#### INSTRUCTIONS FOR THE TASK:
Starting at the line that contains "Fleece Script Logo Graphic Cropped Hoodie", write out each line through the end of the data below, exactly as it stands. Skip any pictures.

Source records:
☆ ☆ ☆ ☆ ☆

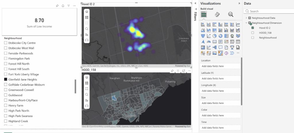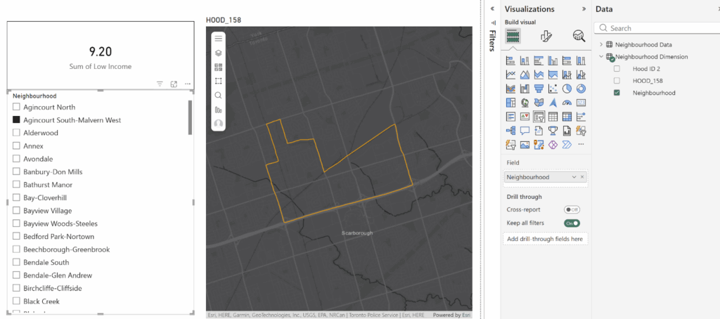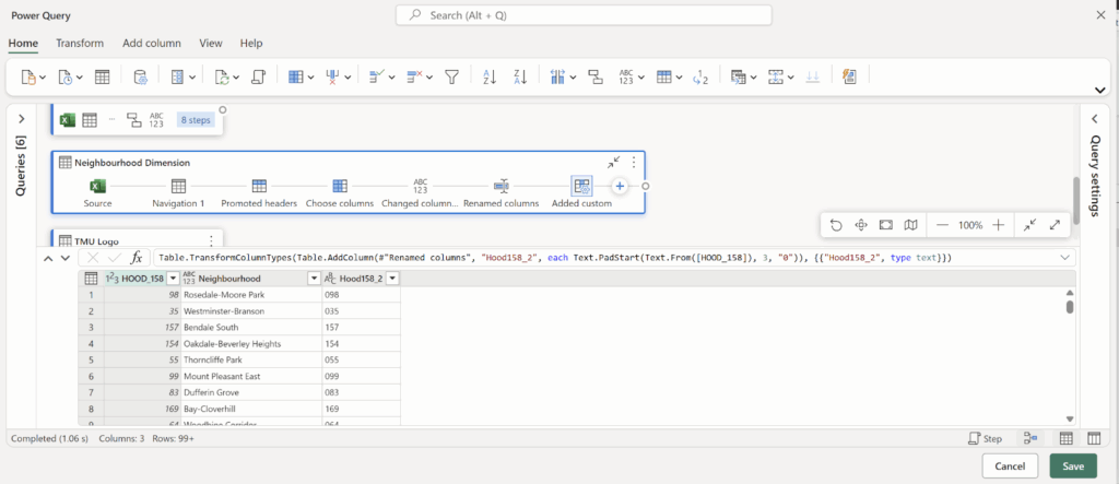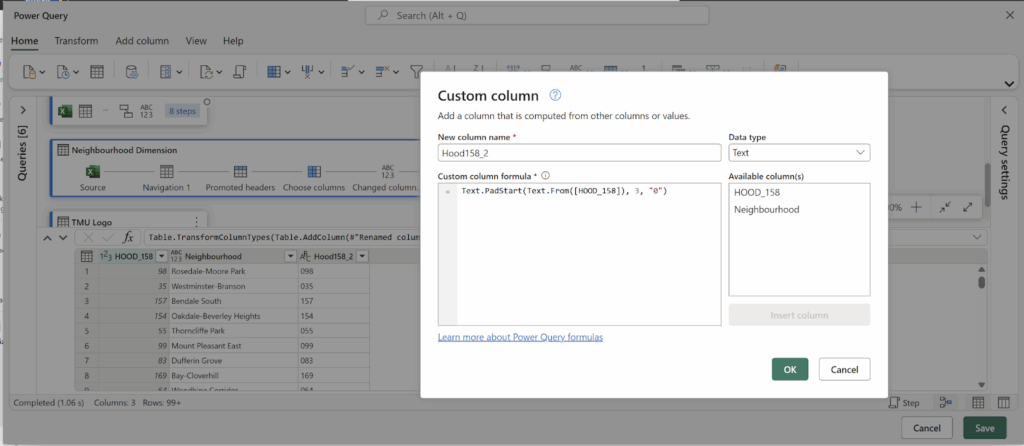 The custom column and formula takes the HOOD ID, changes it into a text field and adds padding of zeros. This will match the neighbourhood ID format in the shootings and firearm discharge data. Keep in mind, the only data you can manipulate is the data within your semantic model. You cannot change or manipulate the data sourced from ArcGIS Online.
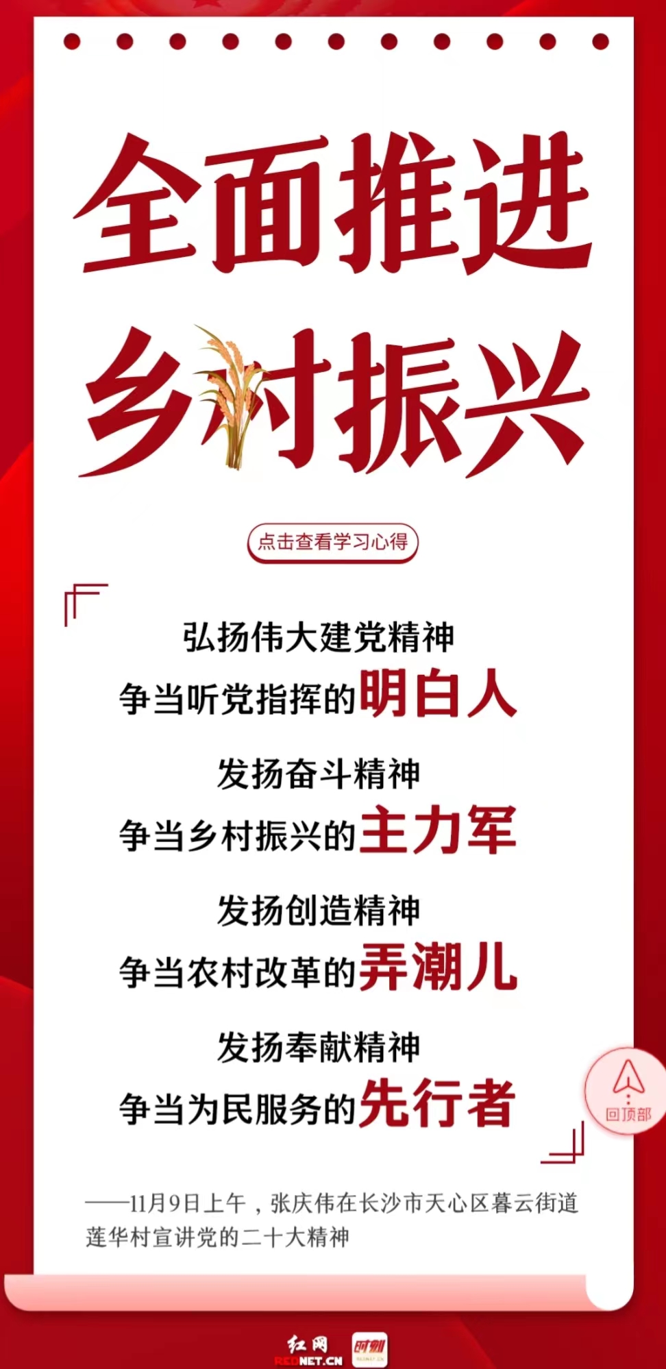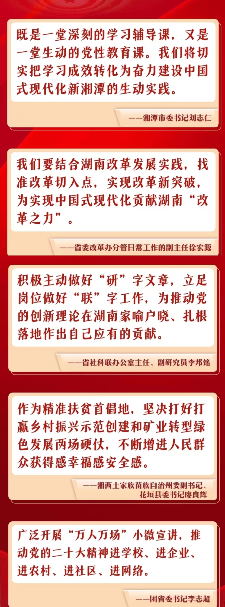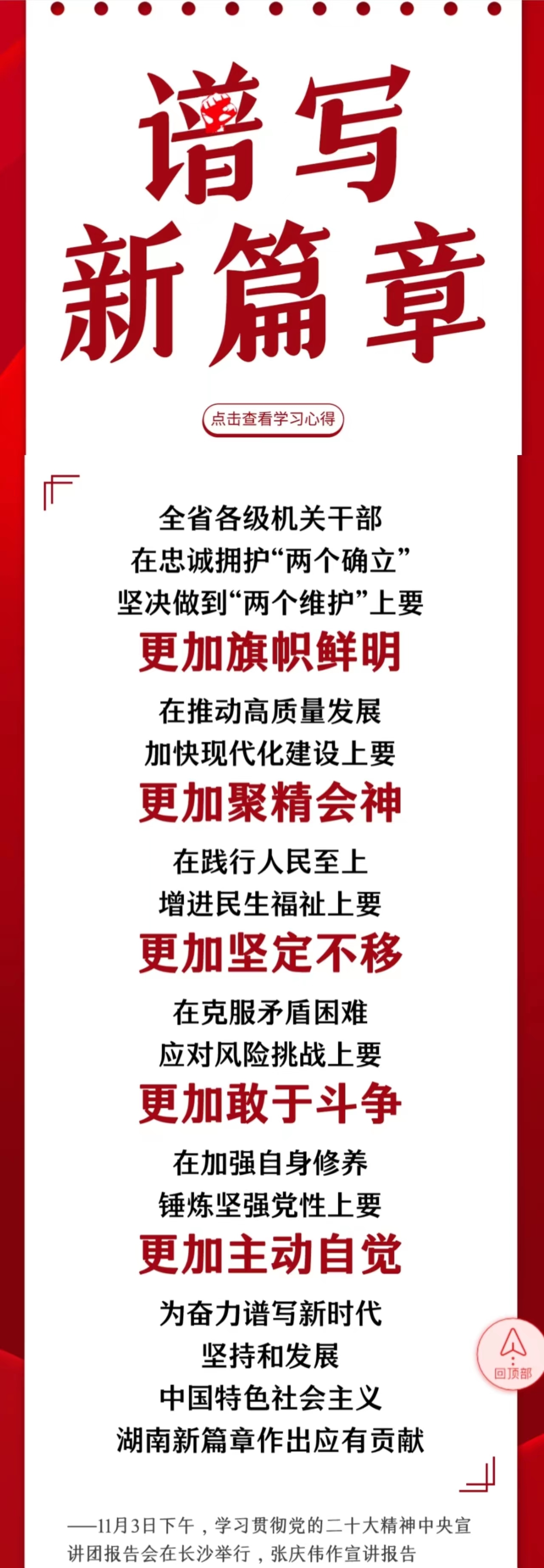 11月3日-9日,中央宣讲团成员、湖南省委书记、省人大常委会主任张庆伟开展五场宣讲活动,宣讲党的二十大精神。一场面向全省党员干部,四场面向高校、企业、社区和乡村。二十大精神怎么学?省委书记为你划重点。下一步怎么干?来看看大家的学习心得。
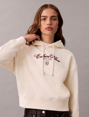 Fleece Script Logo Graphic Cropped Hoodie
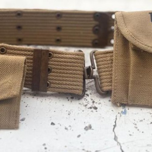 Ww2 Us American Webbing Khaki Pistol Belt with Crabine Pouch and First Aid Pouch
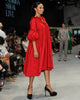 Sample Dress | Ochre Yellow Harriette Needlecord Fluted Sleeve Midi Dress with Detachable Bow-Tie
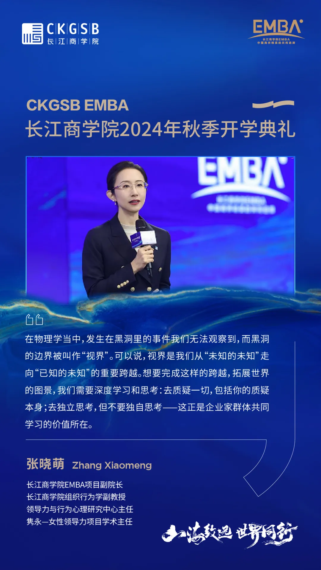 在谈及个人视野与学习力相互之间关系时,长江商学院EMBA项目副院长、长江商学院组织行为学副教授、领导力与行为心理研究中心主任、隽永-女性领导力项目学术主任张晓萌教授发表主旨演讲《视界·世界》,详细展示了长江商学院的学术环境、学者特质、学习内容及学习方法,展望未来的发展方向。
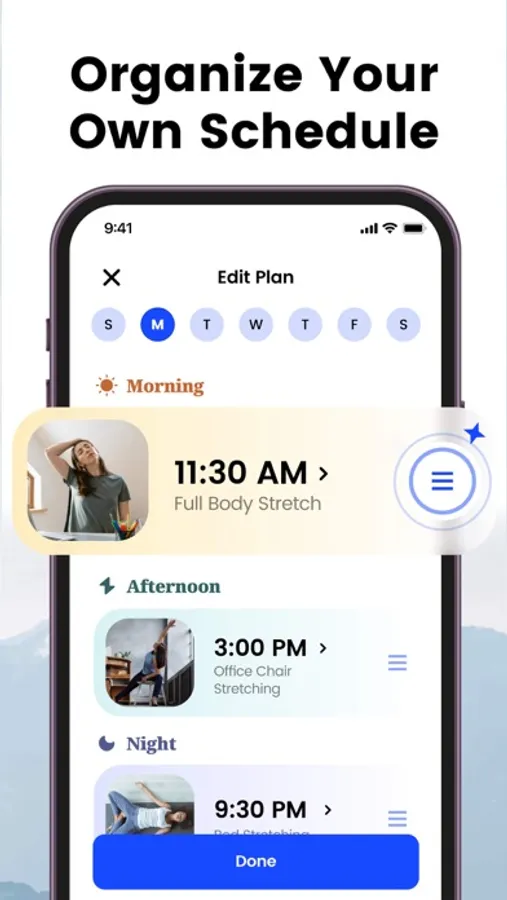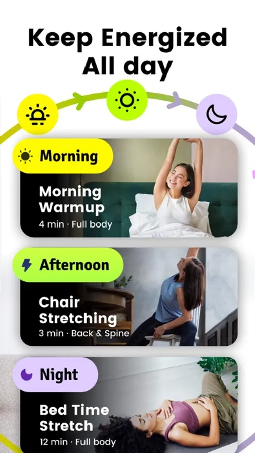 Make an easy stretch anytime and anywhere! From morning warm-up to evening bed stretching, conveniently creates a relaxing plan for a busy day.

☆ ☆ ☆ ☆ ☆

#### EXERCISE RESPONSE:
 Fleece Script Logo Graphic Cropped Hoodie
 Ww2 Us American Webbing Khaki Pistol Belt with Crabine Pouch and First Aid Pouch
 Sample Dress | Ochre Yellow Harriette Needlecord Fluted Sleeve Midi Dress with Detachable Bow-Tie
 在谈及个人视野与学习力相互之间关系时,长江商学院EMBA项目副院长、长江商学院组织行为学副教授、领导力与行为心理研究中心主任、隽永-女性领导力项目学术主任张晓萌教授发表主旨演讲《视界·世界》,详细展示了长江商学院的学术环境、学者特质、学习内容及学习方法,展望未来的发展方向。
 Make an easy stretch anytime and anywhere! From morning warm-up to evening bed stretching, conveniently creates a relaxing plan for a busy day.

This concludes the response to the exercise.